An implementation-dependent default is applied to the list.

To determine which formatting properties are applied to a list, the list level and its style name are taken into account. 16.30.

The “16.30” above refers to clause “16.30 <text:list-style>”, which explains what kind of “style elements” the <text:list-style> element may contain for each “list level”. — I’m too lazy to go into that. (Let alone to dig into Microsoft’s “Office Open XML” stuff …)

To conclude: it really is a mess, and it really does not matter much

But if one useful thing can be gleamed from these examples, it probably is the approach to use only one element type for lists, and to “customize” all list properties using attributes; and it seems that newer document types tend to go into this direction. Note that this is also the approach taken in the CommonMark DTD, which has a single <list> element type.

chrisalley · January 3, 2016, 5:35am

My point is that once you take away the entirely mallable presentational aspects of the output (the default being a bulleted list in web browsers, in the case of unordered lists), we’re just left with the semantic structure - that could be HTML elements or some other format. So, the meaning behind that structure is what is important when describing it. The term “Unordered list” is suitable, I think, for describing such a structure, since the order of the list items is not important. If the order of the list is important in some way, it would be clearer markup to use an ordered list (even if, in practice, the order of unordered lists often is intended to have some relevance).

tin-pot · January 3, 2016, 10:04am

I couldn’t agree more!

The term “Unordered list” is suitable, I think, for describing such a structure, since the order of the list items is not important. If the order of the list is important in some way, it would be clearer markup to use an ordered list (even if, in practice, the order of unordered lists often is intended to have some relevance).

I’m not convinced that “unordered” and “ordered” list is the best terminology, I’m just saying that it is the usual terminology in the—fuzzy delineated—field of “structured document models”, mostly because of the UL and OL list element types in (X)HTML (which date back, as I pointed out, a loooong time).

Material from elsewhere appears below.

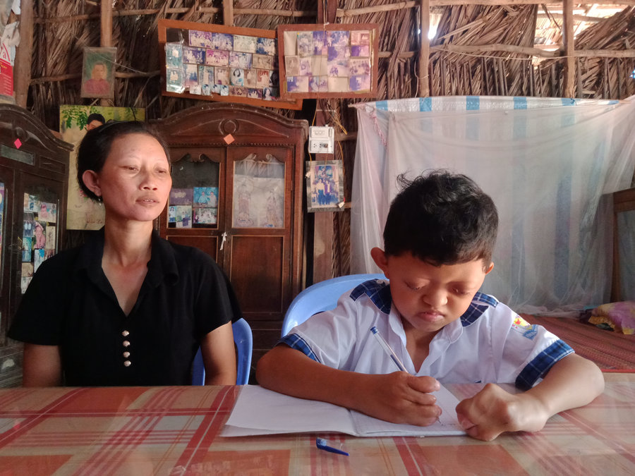 Ảnh: Dù bị dị tật bàn tay nhưng em Lưu Văn Linh (bên phải) rất cố gắng học tập.
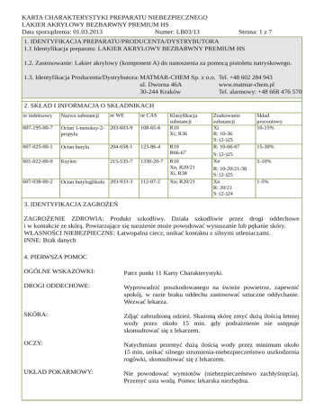 KARTA CHARAKTERYSTYKI PREPARATU NIEBEZPIECZNEGO LAKIER AKRYLOWY BEZBARWNY PREMIUM HS Data sporządzenia: 01.03.2013 Numer: LB03/13 Strona: 1 z 7 1. IDENTYFIKACJA PREPARATU/PRODUCENTA/DYSTRYBUTORA 1.1 Identyfikacja preparatu: LAKIER AKRYLOWY BEZBARWNY PREMIUM HS 1.2. Zastosowanie: Lakier akrylowy (komponent A) do nanoszenia za pomocą pistoletu natryskowego. 1.3. Identyfikacja Producenta/Dystrybutora: MATMARCHEM Sp. z o.o. Tel. +48 602 284 943 ul. Dworna 46A www.matmarchem.pl 30244 Kraków Tel. alarmowy: +48 668 476 570 2. SKŁAD I INFORMACJA O SKŁADNIKACH nr WE nr CAS nr indeksowy Nazwa substancji 607195007 Octan 1metoksy2 2036039 propylu 108656 607025001 Octan butylu 2046581 123864 R10 R6667 601022009 Ksylen 2155357 1330207 R10 Xn, R20/21 Xi, R38 607038002 Octan butyloglikolu 2039333 112072 Klasyfikacja substancji R10 Xi; R36 Xn; R20/21 Znakowanie substancji Xi R: 1036 S: (2)25 R: 106667 S: (2)25 Xn R: 1020/2138 S: (2)25 Xn R: 20/21 S: (2)24 Skład procentowy 1015% 1530% 510% 15% 3. IDENTYFIKACJA ZAGROŻEŃ ZAGROŻENIE ZDROWIA: Produkt szkodliwy. Działa szkodliwie przez drogi oddechowe i w kontakcie ze skórą. Powtarzające się narażenie może powodować wysuszanie lub pękanie skóry. WŁASNOŚCI NIEBEZPIECZNE: Łatwopalna ciecz; unikać kontaktu z silnymi utleniaczami. INNE: Brak danych 4. PIERWSZA POMOC OGÓLNE WSKAZÓWKI: Patrz punkt 11 Karty Charakterystyki. DROGI ODDECHOWE: Wyprowadzić poszkodowanego na świeże powietrze, zapewnić spokój, w razie braku oddechu zastosować sztuczne oddychanie. Wezwać lekarza. SKÓRA: Zdjąć zabrudzoną odzież. Skażoną skórę zmyć dużą ilością letniej wody przez około 15 min. gdy podrażnienie nie ustępuje skonsultować się z lekarzem. OCZY: Natychmiast przemyć dużą ilością wody przez minimum około 15 min, unikać silnego strumienianiebezpieczeństwo uszkodzenia rogówki, skonsultować się z lekarzem. UKŁAD POKARMOWY: Nie powodować wymiotów (niebezpieczeństwo zachłyśnięcia). Przemyć usta wodą. Pomoc lekarska niezbędna. KARTA CHARAKTERYSTYKI PREPARATU NIEBEZPIECZNEGO LAKIER AKRYLOWY BEZBARWNY PREMIUM HS Data sporządzenia: 01.03.2013 Numer: LB03/13 Strona: 2 z 7 5. POSTĘPOWANIE W PRZYPADKU POŻARU SUBSTANCJE GAŚNICZE: Proszek, piana odporna na działanie alkoholi, dwutlenek węgla, mgła wodna. SZCZEGÓLNE ZAGROŻENIA: W przypadku pożaru może powstawać tlenek węgla. WYPOSAŻENIE OCHRONNE: Zespoły gaśnicze wyposażyć w niezależną od powietrza z otoczenia ochronę dróg oddechowych i lekką odzież ochronną. INNE INFORMACJE: Chłodzić sąsiednie pojemniki rozpylając na nie wodę z bezpiecznej odległości. 6. POSTĘPOWANIE W PRZYPADKU NIEZAMIERZONEGO UWOLNIENIA DO ŚRODOWISKA ŚRODKI OSTROŻNOŚCI ODNIESIONE DO OSÓB: Usunąć źródła zapłonu. Zapewnić dostateczną wentylację pomieszczenia. Unikać bezpośredniego kontaktu z uwalniającą się substancją. Unikać kontaktu ze skórą i oczami. Środki ochrony osobistejpunkt 8 Karty. ŚRODKI OCHRONY ŚRODOWISKA: Zapobiegać przedostaniu się do kanalizacji, powierzchniowych, gruntowych oraz gleby. Przy dużych wyciekach teren obwałować. wód METODY ZBIERANIA: Zlikwidować wyciek (zamknąć dopływ cieczy, uszczelnić), uszkodzone opakowania umieścić w opakowaniu awaryjnym, zebrać mechanicznie ciecz do opakowania awaryjnego. Przy małych ilościach zebrać uniwersalnym środkiem wiążącym (np. łyszczyk, ziemia okrzemkowa, piasek). Postępowanie z odpadami patrz punkt 13 Karty. 7. OBCHODZENIE SIĘ Z SUBSTANCJĄ I MAGAZYNOWANIE ZASADY POSŁUGIWANIA SIĘ: Trzymać z dala od ciepła i źródeł ognia. Nie palić papierosów. Nie wdychać par. Unikać kontaktu ze skórą i oczami. Przedsięwziąć środki bezpieczeństwa przeciw wyładowaniom elektrostatycznym. Stosować w dobrze wentylowanych pomieszczeniach. Stosować środki ochrony osobistej – punkt 8 Karty. MAGAZYNOWANIE: Przechowywać w szczelnie zamkniętych pojemnikach, w chłodnych, dobrze wentylowanych pomieszczeniach. Zakaz składowania w pobliżu dużej ilości nadtlenków organicznych oraz innych silnych utleniaczy. SPECYFICZNE ZASTOSOWANIE: Patrz: Karta Techniczna wyrobu. 8. KONTROLA NARAŻENIA/ŚRODKI OCHRONY INDYWIDUALNEJ Stosowane środki ochrony osobistej powinny spełniać wymogi Rozporządzenia Ministra Gospodarki 21 grudnia 2005 r. w sprawie zasadniczych wymagań dla środków ochrony indywidualnej Dz. U. 2005 Nr 259, poz. 2173 OCHRONA DRÓG ODDECHOWYCH: Maska przeciwgazowa z pochłaniaczem typu A. OCHRONA RĄK: Rękawice ochronne (np. z vitonu, kauczuku nitrylowego, polialkoholu winylowego). OCHRONA OCZU: Okulary ochronne OCHRONA SKÓRY: Odpowiednia odzież ochronna (tkaniny powleczone, impregnowane) STANOWISKO PRACY: Odciągi miejscowe i wentylacja ogólna. KARTA CHARAKTERYSTYKI PREPARATU NIEBEZPIECZNEGO LAKIER AKRYLOWY BEZBARWNY PREMIUM HS Data sporządzenia: 01.03.2013 Numer: LB03/13 Strona: 3 z 7 Rozporządzenie Ministra Pracy i Polityki Socjalnej z dnia 26 września 1997r. w sprawie ogólnych przepisów bezpieczeństwa i higieny pracy Dz. U. Nr 129, poz.844 z późniejszymi zmianami Dz. U. Nr 91, poz.811 z 2002r; tekst jednolity Dz. U. Nr 169, poz.1650 z 2003 r. z późniejszymi zmianami Dz. U. 2007 Nr 49, poz. 330 Rozporządzenie Ministra Zdrowia z dnia 30 grudnia 2004 roku w sprawie bezpieczeństwa i higieny pracy związanej z występowaniem w miejscu pracy czynników chemicznych Dz. U z 2005 roku Nr 11, poz. 86 Badania lekarskie pracowników zgodnie z Kodeksem Pracy i wg. Rozporządzenia Ministra Zdrowia i Opieki Społecznej z dnia 30 maja 1996 r. w sprawie przeprowadzenia badań lekarskich pracowników, zakresu profilaktycznej opieki zdrowotnej nad pracownikami oraz orzeczeń lekarskich wydawanych do celów przewidzianych w Kodeksie pracy Dz. U. Nr 69, poz. 332 z 1996 r. z późniejszymi zmianami Dz. U. Nr 159, poz.1057 z 1998r oraz Dz. U. Nr 37, poz. 451 z 2001r. Wartości najwyższych dopuszczalnych stężeń wg Rozporządzenia Ministra Pracy I Polityki Społ

Regarding the “semantic” difference between these two, and attempts to define them, the in my view most practical description I came about so far is from ISO/IEC/TR 9573:1988 (as I quoted above in my little historical excursion); it goes like this:

“ordered” list, where there may be a need to refer to each item in the list. Typically the list items are numberred by the text-formatter.

“unordered” list, where there is no need to refer to any item in the list, but where each item should be clearly standing out. Typically the list items are indicated by bullets, stars, or dashes by the text-formatter.

Note that there is no discussion whether the order of items is important, or whether the “meaning” of the document changes should this order be changed (as HTML5 does in the description of <ul> vs <ol>, which is IMO very silly, to put it mildly).

Talking about the “need to refer to each item” seems to be a suitable way to convey the difference between these two list types—after all, the individual markers (ie, numerals) in front of the items in an “ordered” list provide the means to do so (one could say, it is their main purpose), and in a printed document without links to click on: the only generally suitable way to refer to “each item in the list” (other than having the reader count the items by himself when referring to “the 27th item in this unordered list” …).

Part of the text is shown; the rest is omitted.